**Assigned task:** Copy exactly the lines of the data below that run from the line holding "В селении Анцха" through the line holding "Hund til afskrækkelse af sjakaler", both ends included.

Stored data entries
########################################
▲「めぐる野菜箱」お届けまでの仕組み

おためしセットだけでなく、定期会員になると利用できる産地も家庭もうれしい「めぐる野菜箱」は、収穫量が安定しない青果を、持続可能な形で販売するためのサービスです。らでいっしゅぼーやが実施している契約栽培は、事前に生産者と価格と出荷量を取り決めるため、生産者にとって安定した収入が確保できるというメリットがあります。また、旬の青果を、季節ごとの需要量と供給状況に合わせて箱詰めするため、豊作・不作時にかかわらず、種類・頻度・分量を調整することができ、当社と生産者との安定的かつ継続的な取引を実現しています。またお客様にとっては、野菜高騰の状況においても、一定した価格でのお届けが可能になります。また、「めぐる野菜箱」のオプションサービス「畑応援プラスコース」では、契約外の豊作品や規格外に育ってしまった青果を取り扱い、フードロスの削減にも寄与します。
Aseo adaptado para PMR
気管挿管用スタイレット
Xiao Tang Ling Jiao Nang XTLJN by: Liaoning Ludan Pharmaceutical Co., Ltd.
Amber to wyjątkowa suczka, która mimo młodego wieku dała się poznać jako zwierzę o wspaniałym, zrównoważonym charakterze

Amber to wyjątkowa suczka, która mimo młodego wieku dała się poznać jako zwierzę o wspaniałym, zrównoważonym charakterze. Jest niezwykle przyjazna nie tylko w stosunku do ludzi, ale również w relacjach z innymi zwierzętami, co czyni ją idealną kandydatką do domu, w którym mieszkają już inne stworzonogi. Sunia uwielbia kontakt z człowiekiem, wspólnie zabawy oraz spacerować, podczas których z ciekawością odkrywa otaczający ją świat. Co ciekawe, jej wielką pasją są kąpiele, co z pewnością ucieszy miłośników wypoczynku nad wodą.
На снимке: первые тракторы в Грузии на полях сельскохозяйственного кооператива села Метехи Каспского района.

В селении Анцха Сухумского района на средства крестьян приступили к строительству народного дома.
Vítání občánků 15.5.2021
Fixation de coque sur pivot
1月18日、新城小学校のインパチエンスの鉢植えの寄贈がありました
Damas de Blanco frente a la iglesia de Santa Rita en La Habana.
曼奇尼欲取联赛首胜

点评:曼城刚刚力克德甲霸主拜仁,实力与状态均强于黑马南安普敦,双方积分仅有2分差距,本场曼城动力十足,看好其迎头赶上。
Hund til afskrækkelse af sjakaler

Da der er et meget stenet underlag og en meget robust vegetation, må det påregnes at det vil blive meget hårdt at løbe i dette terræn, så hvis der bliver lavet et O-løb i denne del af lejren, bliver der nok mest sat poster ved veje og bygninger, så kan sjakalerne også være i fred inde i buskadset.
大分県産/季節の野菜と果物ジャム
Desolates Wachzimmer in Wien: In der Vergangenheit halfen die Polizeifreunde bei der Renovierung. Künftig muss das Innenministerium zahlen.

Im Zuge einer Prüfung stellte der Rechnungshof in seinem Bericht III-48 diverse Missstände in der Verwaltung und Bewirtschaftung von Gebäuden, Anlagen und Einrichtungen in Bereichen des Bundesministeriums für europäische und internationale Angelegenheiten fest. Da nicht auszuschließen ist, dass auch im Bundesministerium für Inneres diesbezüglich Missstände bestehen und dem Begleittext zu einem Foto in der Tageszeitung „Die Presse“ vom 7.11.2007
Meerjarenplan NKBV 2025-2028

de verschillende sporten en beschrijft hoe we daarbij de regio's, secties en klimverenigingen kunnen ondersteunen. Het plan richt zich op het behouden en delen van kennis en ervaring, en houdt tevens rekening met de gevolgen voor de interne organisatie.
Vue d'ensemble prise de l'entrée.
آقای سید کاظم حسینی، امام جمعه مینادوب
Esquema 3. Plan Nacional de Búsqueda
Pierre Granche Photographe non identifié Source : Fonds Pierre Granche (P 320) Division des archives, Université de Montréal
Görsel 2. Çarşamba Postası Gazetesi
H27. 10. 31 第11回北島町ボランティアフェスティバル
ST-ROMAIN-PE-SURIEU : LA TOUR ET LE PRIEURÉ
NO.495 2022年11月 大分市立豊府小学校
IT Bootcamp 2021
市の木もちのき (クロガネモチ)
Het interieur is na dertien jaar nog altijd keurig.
########################################
**Response box:**
В селении Анцха Сухумского района на средства крестьян приступили к строительству народного дома.
Vítání občánků 15.5.2021
Fixation de coque sur pivot
1月18日、新城小学校のインパチエンスの鉢植えの寄贈がありました
Damas de Blanco frente a la iglesia de Santa Rita en La Habana.
曼奇尼欲取联赛首胜

点评:曼城刚刚力克德甲霸主拜仁,实力与状态均强于黑马南安普敦,双方积分仅有2分差距,本场曼城动力十足,看好其迎头赶上。
Hund til afskrækkelse af sjakaler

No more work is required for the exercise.